The topic of environmental, social, and governance (ESG) investing is a polarizing one. For every individual who advocates for it, there is another who rails against it. John O’Connell, the CEO of Oasis Group and author of the book “Rise of the Activist Investors”, falls into the first group. He believes that people who get involved in shareholder activism and continue to have discussions around it can create positive change. He joins the ETF Think Tank to discuss this and where the ESG space might head in the future.
The term “activist investor” can stir up some negative stereotypes. In reality, O’Connell thinks this can be very positive and details in his book the arc someone can take from the very early stages to professional activist. Groups he calls “passive investors” and “casual activists” show interest and may start investing in broader ESG funds. “Beginner activists” start to narrow their investment portfolio to more accurately reflect their personal views. When you get up to an “influencer activist” and “professional activist”, you start trying to bring others into their circles to actually effect changes in companies through proxy votes.
What is driving some of this change is that young and socially conscious investors are using the power of their voices. Events, including Occupy Wall Street and the Me Too movement, have enhanced the visibility around vocalizing personal values. Once you add in the growth of ultra-low-cost investing through platforms, such as Robinhood, you can much more easily merge the two. Value-matched investing has become much easier and much cheaper to do. Even several years ago, it would have been difficult to see this development in the investing space.
O’Connell believes that part of the reason why ESG is controversial is because there are so many definitions. The criticism comes with looking at individual holdings within funds and finding anomalies. There is a lack of consistency around the data and definitions and that always has investors asking “why is this company in or out”. Another problem is that there are well over 100 different ESG factors, but it ends up getting boiled down to just three letters - ESG. This tends to oversimplify a very complex issue. Analytics firms are trying to develop more robust and consistent measures and data sets, but some investors will keep looking at portfolios and claim they are bogus or there’s greenwashing. The fact that people are talking about this emotionally is great because that’s how you’ll see change.
There’s some disagreement on whether direct indexing or an ETF is the better means of ESG investing. A casual activist may find an ESG fund “close enough” over time. As you move up the chain, you may want a direct index or more specific product. The counterargument is that direct indexing does not work as well because it needs the group. You can still have the client discussion, be an activist through an ETF and have a group to support it.
Other key takeaways:
- O’Connell says that ESG investing without activism is pointless. Even just talking about it helps to advance the cause. The ability to connect with others that have similar views is what’s going to drive change.
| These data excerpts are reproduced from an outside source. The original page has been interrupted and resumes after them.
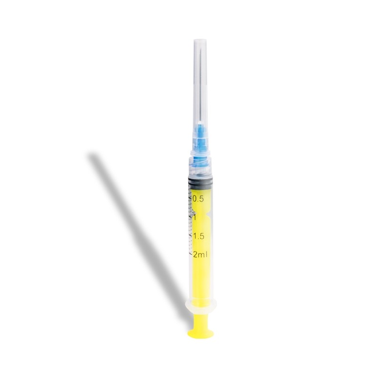Dr. Mayer sárga fecskendő 2 ml-es tűvel – egyszer használatos fecskendő levehető 23G tűvel, 0,6 x 32 mm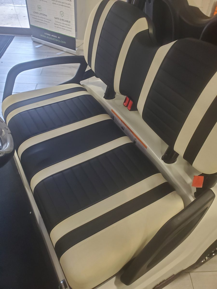 Marine Grade Vinyl, Custom Stitched Panel, Single Color, Color Matched with White or Black Accents. Fold Flat Rear Seat for Hauling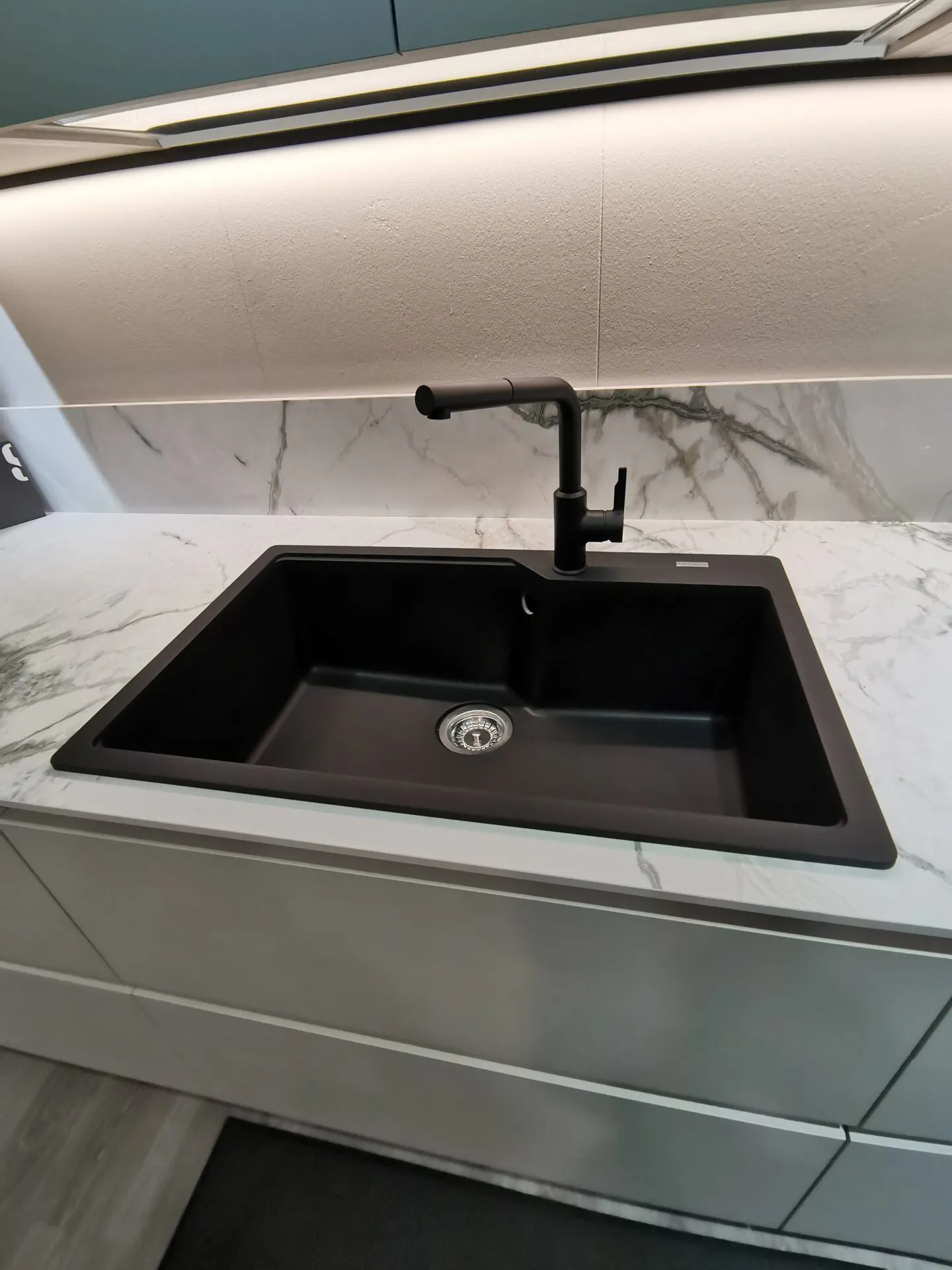 Per la cucina Regola, ti consigliamo un lavello fragranite che ricalchi il mood dell'intera composizione grazie a linee geometriche e materiali di prima scelta, ma che la renda al contempo appieno funzionale.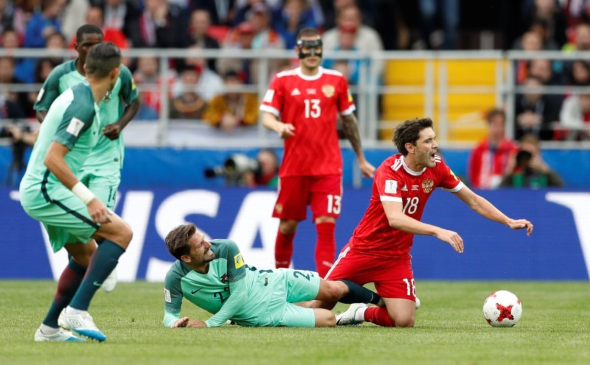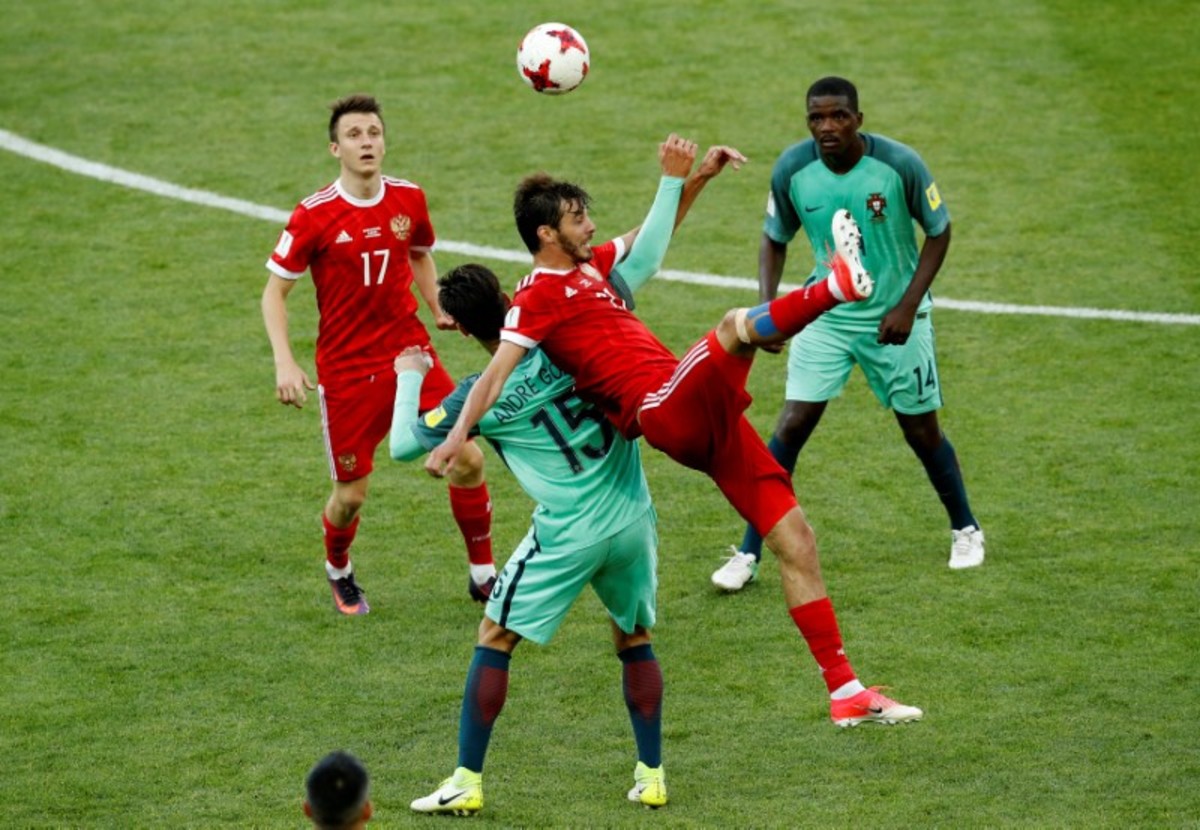 Soccer Football - Russia v Portugal - FIFA Confederations Cup Russia 2017 - Group A - Spartak Stadium, Moscow, Russia - June 21, 2017 Portugal’s Adrien Silva in action with Russia’s Yuri Zhirkov REUTERS/John SibleySoccer Football - Russia v Portugal - FIFA Confederations Cup Russia 2017 - Group A - Spartak Stadium, Moscow, Russia - June 21, 2017 Portugal’s Adrien Silva in action with Russia's Alexandr Erokhin REUTERS/John SibleySoccer Football - Russia v Portugal - FIFA Confederations Cup Russia 2017 - Group A - Spartak Stadium, Moscow, Russia - June 21, 2017 Russia’s Yuri Zhirkov in action with Portugal’s Andre Gomes REUTERS/Maxim ShemetovSoccer Football - Russia v Portugal - FIFA Confederations Cup Russia 2017 - Group A - Spartak Stadium, Moscow, Russia - June 21, 2017 Portugal’s Cristiano Ronaldo celebrates after the match REUTERS/Darren StaplesSoccer Football - Russia v Portugal - FIFA Confederations Cup Russia 2017 - Group A - Spartak Stadium, Moscow, Russia - June 21, 2017 Russia’s Fedor Smolov in action with Portugal’s Eliseu REUTERS/Maxim ShemetovSoccer Football - Russia v Portugal - FIFA Confederations Cup Russia 2017 - Group A - Spartak Stadium, Moscow, Russia - June 21, 2017 Portugal’s Cristiano Ronaldo celebrates after the match with Bruno Alves and teammates REUTERS/John SibleySoccer Football - Russia v Portugal - FIFA Confederations Cup Russia 2017 - Group A - Spartak Stadium, Moscow, Russia - June 21, 2017 Russia's Alexandr Erokhin in action with Portugal’s Andre Gomes REUTERS/Darren StaplesSoccer Football - Russia v Portugal - FIFA Confederations Cup Russia 2017 - Group A - Spartak Stadium, Moscow, Russia - June 21, 2017 PortugalÕs Cristiano Ronaldo and Bruno Alves celebrate after the match REUTERS/John SibleySoccer Football - Russia v Portugal - FIFA Confederations Cup Russia 2017 - Group A - Spartak Stadium, Moscow, Russia - June 21, 2017 Portugal’s Cristiano Ronaldo in action with Russia’s Fyodor Kudryashov REUTERS/Darren StaplesSoccer Football - Russia v Portugal - FIFA Confederations Cup Russia 2017 - Group A - Spartak Stadium, Moscow, Russia - June 21, 2017 Russia coach Stanislav Cherchesov REUTERS/Maxim Shemetov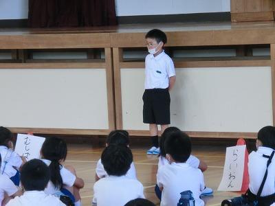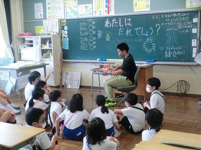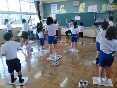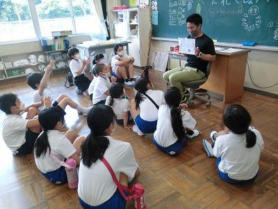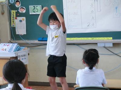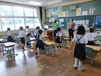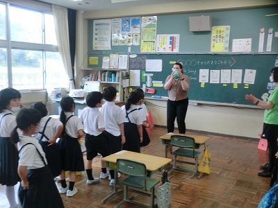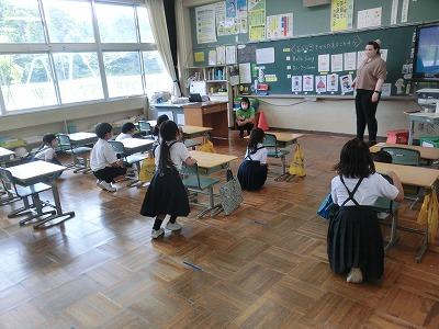 本日、1年生がローラ先生と外国語活動を行いました。簡単な挨拶の練習の後、「えいごでからだをうごかそう」に取り組みました。「あるく」「はしる」「たつ」「すわる」などの動作を英語で表現しながら動きました。子どもたちは楽しそうに「うぉーく」「しっと だうん」と言いながら、歩いたり、座ったりしていました。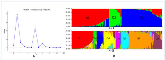 - Pritchard, J.K.; Stephens, M.; Donnelly, P. Inference of population structure using multilocus genotype data. Genetics 2000, 155, 945–959. [Google Scholar] [CrossRef] [PubMed]

- Connecting with like-minded people can be great, but it can also be a minefield. It can be potentially dangerous if you swing too far in one direction or another, but if we find enough people who truly do care, O’Connell thinks we’ll be in a better space.
- Corporate raiders, who manage to control enough shares to break up a company whether they liked it or not, have had a detrimental effect. Breaking up an underperforming company may or may not be a bad thing but imposing your will on a large enterprise could end up being counterproductive.